В два часа пополудни, когда голова колонны достигла развилки, о которой сообщил Думнориг, вернулись Сатир и его семнадцать всадников.
Тарентинец рассказал, что едва не натолкнулся на конный отряд римлян. Он насчитал всего тридцать пять всадников. Это были разведчики. Затаившись в ближайшем ущелье, Сатир и его всадники пропустили мимо вражеский отряд, после чего продолжили путь в сторону Скиртеи. Вскоре они увидели растянувшуюся по дороге колонну римских пехотинцев численностью около трех тысяч человек.

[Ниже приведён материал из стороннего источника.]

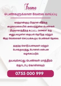 தையல் தெரிந்த பெண்கள் தேவை – Faama Garment Kattankudy

– На обратном пути мы снова удачно разминулись с конной разведкой римлян, найдя окольную дорогу, – продолжал рассказывать Сатир. – Думаю, расстояние между нами и нашими преследователями не больше пяти-шести миль. Если не будем беречь своих ног, то можем оторваться от них еще на две-три мили, после чего устроимся на ночлег и хорошенько отдохнем, не опасаясь, что римляне нас настигнут.
– Меня больше всего удивляет, почему нас преследует одна пехота, – в раздумье сказал Мемнон. – Лукулл должен был бросить следом за нами всю свою многочисленную конницу, чтобы попытаться задержать нас до подхода своих когорт.
– Может быть, римлянин послал конницу в обход, по неизвестной нам дороге, чтобы преградить нам путь? – предположил Думнориг.
– Вполне возможно, – согласился Мемнон.
– Римский претор, конечно же, догадывается, – продолжал Думнориг, – что мы, вырвавшись из окружения, постараемся добраться до тех мест, где больше всего латифундий римских и сицилийских богачей…
– Конечно, – подхватил Алгальс. – Сказочно плодородная Леонтинская равнина! Вот где средоточие многих тысяч невольников, которых можно призвать к восстанию и начать войну в тылу у Лукулла!
– И поэтому Лукуллу, который не может не понимать этого, известно, какое направление мы избрали, если, конечно, он считает нас здравомыслящими людьми, а не безмозглыми варварами, – заключил Думнориг.
– Посмотрим, – сказал Сатир. – Пока что мы знаем, что пеших римлян не больше, чем нас. Правда, по сравнению с нами они прекрасно вооружены, но разве Минуций под Капуей, располагая всего тремя тысячами плохо вооруженных рабов, не обратил в бегство Лукулла с его пятью тысячами обученных и вооруженных до зубов солдат?.. Мемнон прав. Идем в сторону Небродовых гор и там поищем удобное место для засады…
Внезапно испортилась погода. Перевалив через горы, начал дуть горячий и сухой атабул99. Солнце потускнело, закрылось тучами пыли, принесенной ветрами из африканских пустынь. Очень скоро наступила страшная жара. Казалось, все вокруг превратилось в сплошную знойную печь. Раскаленный воздух наполнила густая красноватая пыль, которая непрерывно оседала на землю.
Ближе к вечеру ветер начал слабеть. Небо заволокло тучами, и вскоре пошел дождь. Это был непродолжительный, но сильный ливень. На каменистой дороге, проходившей по плоскогорью, образовались большие лужи. Вода в них, смешанная с красноватой пылью, принесенной атабулом, походила на кровь…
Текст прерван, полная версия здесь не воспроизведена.